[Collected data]
◇ ◇ ◇ ◇

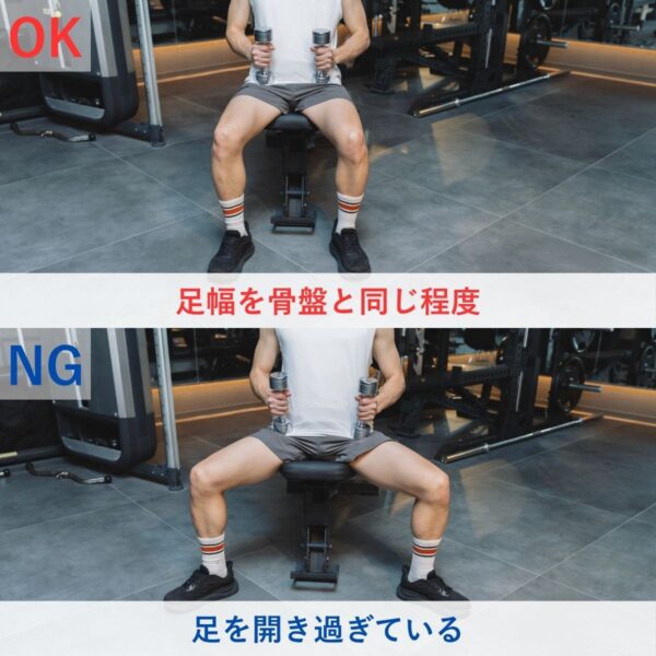 足を広げすぎると体幹が安定しにくく、押し上げ動作の力が分散しやすくなります。また、前腕が床に対して垂直になるようにダンベルを持つと、押し上げる力を安定させやすくなります。
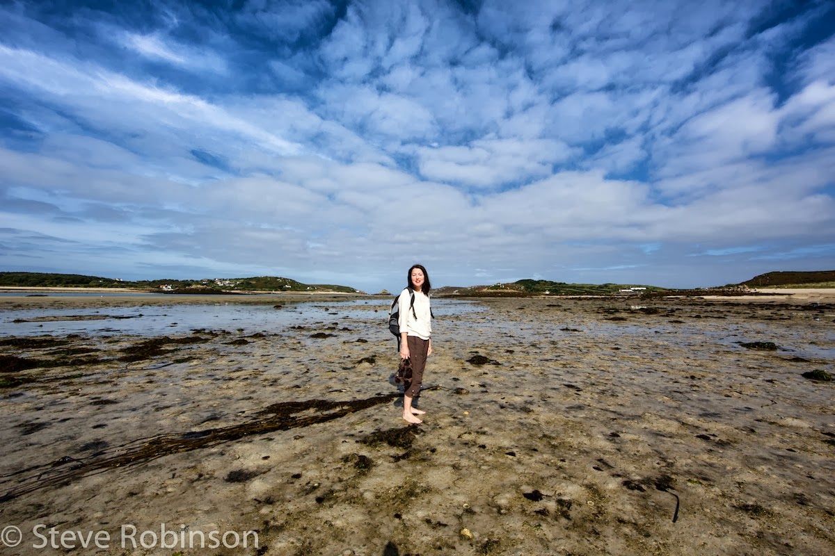 Mrs R on the seabed between Tresco and Bryher. The extra low tide is caused by an astrological event called syzygy (25 point Scrabble score), which occurs when the Sun, the Earth and the Moon are in alignment, making it possible to walk to the neighbouring island of Bryher for a limited time. Very cool!
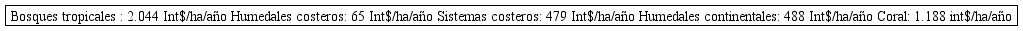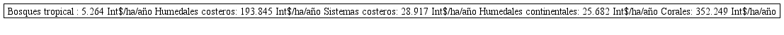 Ha habido un aumento exponencial de los estudios básicos y aplicados sobre la valoración de la biodiversidad y los ecosistemas, desde finales del siglo XX, en las publicaciones de amplio reconocimiento técnico-científico mundial (TEBB, 2010, de Grott et al., Kadykalo et al., 2019). Se han valorado los servicios ecosistémicos de 5 biomas de relevancia para la Región: Bosques Tropicales, Humedales Costeros, Sistemas Costeros, Humedales Continentales, Corales. En el cuadro a continuación se muestra el valor expresado en Int$ [2] por hectárea/año de los servicios ecosistémicos de interés para la vida humana en estos biomas:
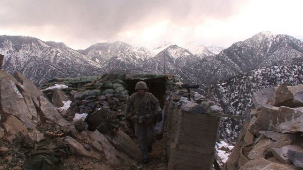 Some of the footage, left over from Restrepo, now makes it into the new documentary Battle Company: Korengal. Just like Restrepo, the story is about U.S. Military platoons stationed in Afghanistan’s Korengal Valley, also known as the “valley of death”. It’s a valley of mountains, cliffs, trees, hilltops – enough camouflage to disguise the enemy they were sent there to fight against — the Taliban. The Korengal Valley was a highway for Taliban activity, so thus it was important for the U.S. Military to prevent the Taliban from supplying their networks with weapons and supplies.
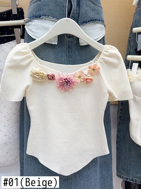 Nomikuma パフスリーブ立体フラワー V ネック半袖 Tシャツ夏ウエスト痩身スパイシーガールニッチ Y2k トップ ショート ハーフスリーブ サマー 夏物 Vネック フラワーデザイン

◇ ◇ ◇ ◇

Work required:
Every record must be duplicated exactly, except for the pictures, which are left out.

Your response:
 足を広げすぎると体幹が安定しにくく、押し上げ動作の力が分散しやすくなります。また、前腕が床に対して垂直になるようにダンベルを持つと、押し上げる力を安定させやすくなります。
 Mrs R on the seabed between Tresco and Bryher. The extra low tide is caused by an astrological event called syzygy (25 point Scrabble score), which occurs when the Sun, the Earth and the Moon are in alignment, making it possible to walk to the neighbouring island of Bryher for a limited time. Very cool!
 Ha habido un aumento exponencial de los estudios básicos y aplicados sobre la valoración de la biodiversidad y los ecosistemas, desde finales del siglo XX, en las publicaciones de amplio reconocimiento técnico-científico mundial (TEBB, 2010, de Grott et al., Kadykalo et al., 2019). Se han valorado los servicios ecosistémicos de 5 biomas de relevancia para la Región: Bosques Tropicales, Humedales Costeros, Sistemas Costeros, Humedales Continentales, Corales. En el cuadro a continuación se muestra el valor expresado en Int$ [2] por hectárea/año de los servicios ecosistémicos de interés para la vida humana en estos biomas:
 Some of the footage, left over from Restrepo, now makes it into the new documentary Battle Company: Korengal. Just like Restrepo, the story is about U.S. Military platoons stationed in Afghanistan’s Korengal Valley, also known as the “valley of death”. It’s a valley of mountains, cliffs, trees, hilltops – enough camouflage to disguise the enemy they were sent there to fight against — the Taliban. The Korengal Valley was a highway for Taliban activity, so thus it was important for the U.S. Military to prevent the Taliban from supplying their networks with weapons and supplies.
 Nomikuma パフスリーブ立体フラワー V ネック半袖 Tシャツ夏ウエスト痩身スパイシーガールニッチ Y2k トップ ショート ハーフスリーブ サマー 夏物 Vネック フラワーデザイン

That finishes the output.